The Biometrics Yo-Yo
The energy crisis is a real yo-yo. As a barrel of oil approaches $150, President Bush recommends lifting of the offshore drilling ban and Texas oilman T. Boone Pickens talks about wind and natural gas on network TV. Almost immediately, oil nose-dives to $125 a barrel. But what happens when the Congress refuses to lift the ban? Will it go up again?
The situation with biometrics is similar. After a long period of yo-yo market emergence — the ups from users wanting to replace cards and passwords, and the downs from tech admissions of less than perfect performance — the biometrics market continues to have appetite binges followed by burps of digestion. At this point, the binges seem to be winning.
Work Needed, But Promise Seen
After a lot of industry experience in certain applications, we can now conclude that biometrics are not perfect solutions. However, they don’t always have to be perfect since the vulnerabilities of cards and passwords are fairly easy targets to conquer in the right user settings. Hand geometry systems work pretty well for outdoor access and automated fingerprint identification systems (AFIS) do the same in their applications.

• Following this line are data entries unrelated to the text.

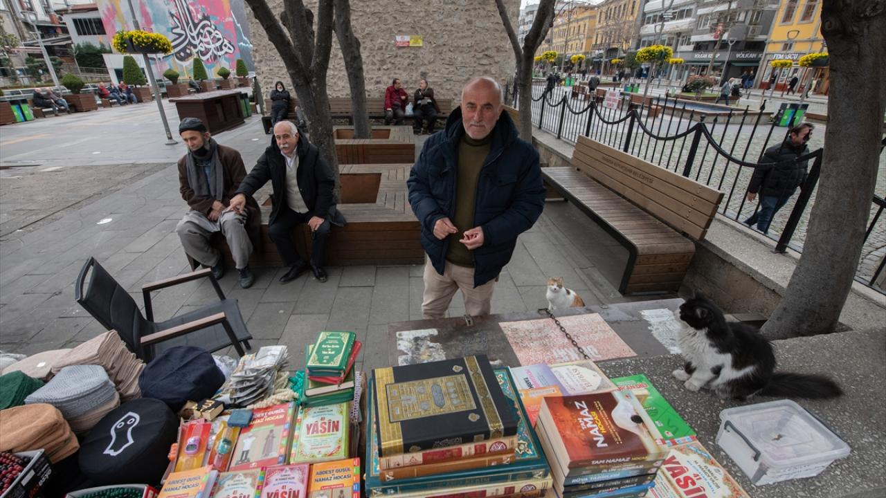 Dört çocuk, bir torun sahibi İsmail Gürsoy, AA muhabirine, "Kitapçı İsmail" olarak tanındığını belirterek, "40 yıldır bu taşın üzerinde kitap satıyorum. Baba mesleğidir. Daha evvel babam yapmıştı. 60 yıldır bu caminin avlusundayız. Sırf benimle geçen zaman 40 yıl." dedi.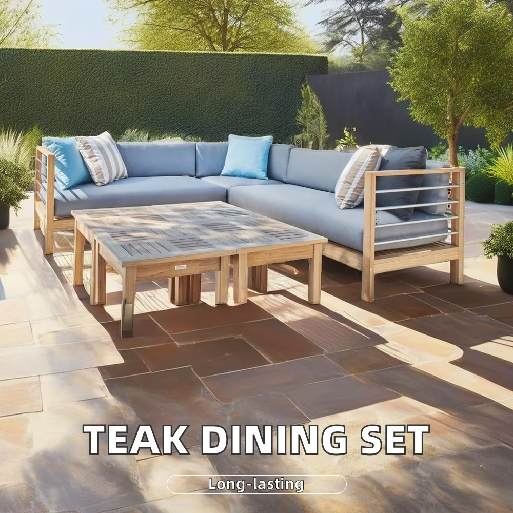 1.Ultra-durable Teak Outdoor Set:)%Trusted by veterinarians worldwide$This high-quality teak outdoor set is designed for long-lasting outdoor leisure, perfect for various settings including the garden, patio, courtyard, beach or hotel. Made from 100% Indonesian teak wood, it is resistant to mold, water, insects, and features beautiful golden teak natural color with oils that strengthen and harden the wood.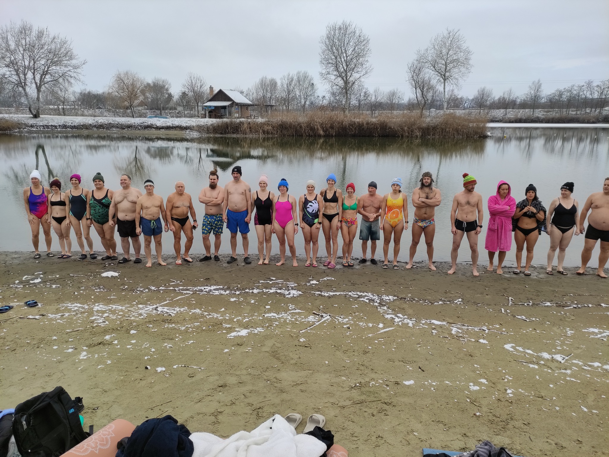– fogalmazott Illés Péter közvetlenül a csobbanás után. Hozzátette, hogy néhány nappal korábban a Körös-torokban is megmártóztak, és kifejezetten jó dolognak tartja a jeges vízben való fürdést.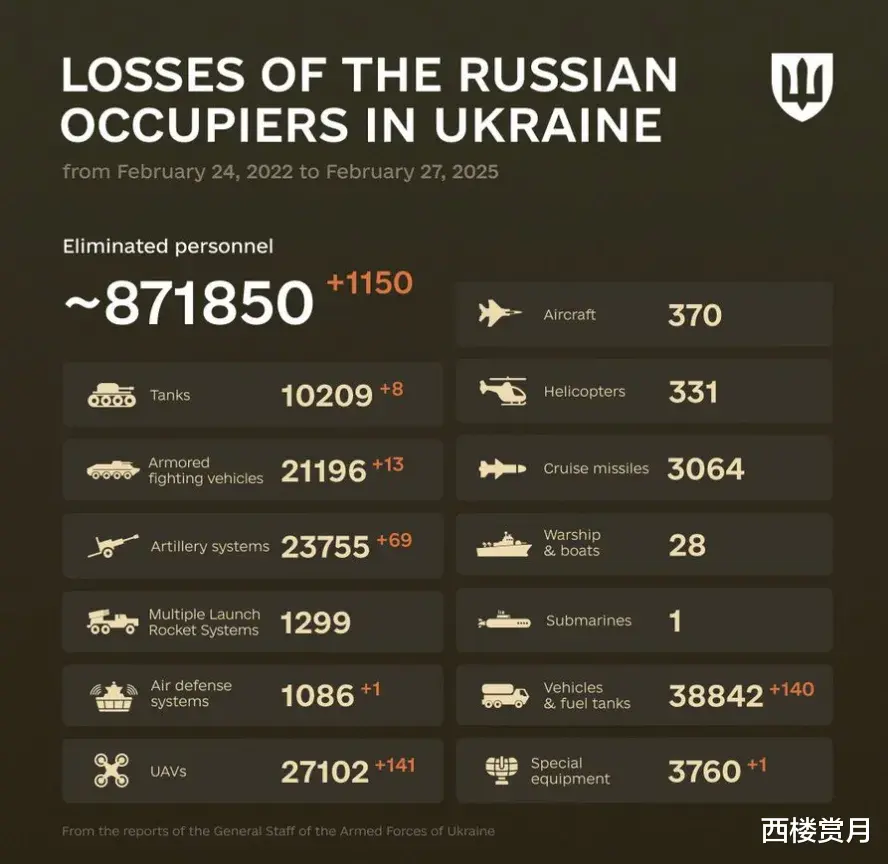 乌总参公布的昨日战果,歼敌(毙+伤)1150人,俄军伤亡达到了871850人,在乌军的2倍以上。。

Voice, facial and vein applications, however, can present problems that can be pedestrian in nature, such as slowdowns in high user population throughput as well as higher-than-desired identity error rates. Yet biometric backers are still working to find that big application — the one that will demonstrate a big security user’s success in proving that biometrics are truly practical solutions to the accurate capture of human IDs without any reliance on back-up systems.
Where will these market applications arise? Will it be in a government setting, or a commercial high-value location?
The opportunities are considerable. In governmental circles, we have, at minimum, the need to identify every individual trying to enter the United States legally, know who is speaking to whom about policy and issues across the Internet, and protect our vast inventory of increasingly secure military and civilian assets. In the commercial market, there is private demand for the R&D, database, paper record and lab aspects of enterprise convergence. There is also a call for high level, scientific, financial and planning communications in large firms, as well as financial arbitrage, fiduciary transactions, corporate M&A and banking services.
Threats Spur Action
Will we ever see a biometrics replacement of old card readers on thousands of hotel doors, corporate entrances and engineering departments, or large stadium entrances to protect against a Tom Clancy-like disaster? Prior to the Cold War era, security planners needed evidence of a problem before taking steps to protect against a future recurrence. Now we have to act based on threats, not evidence, because some of the threats are so huge that no one wants to take the risk of inadequate protection.
Various estimates of the biometric market have been developed and taken everything into consideration, but we believe it all depends on the world’s current assortment of imputed threats.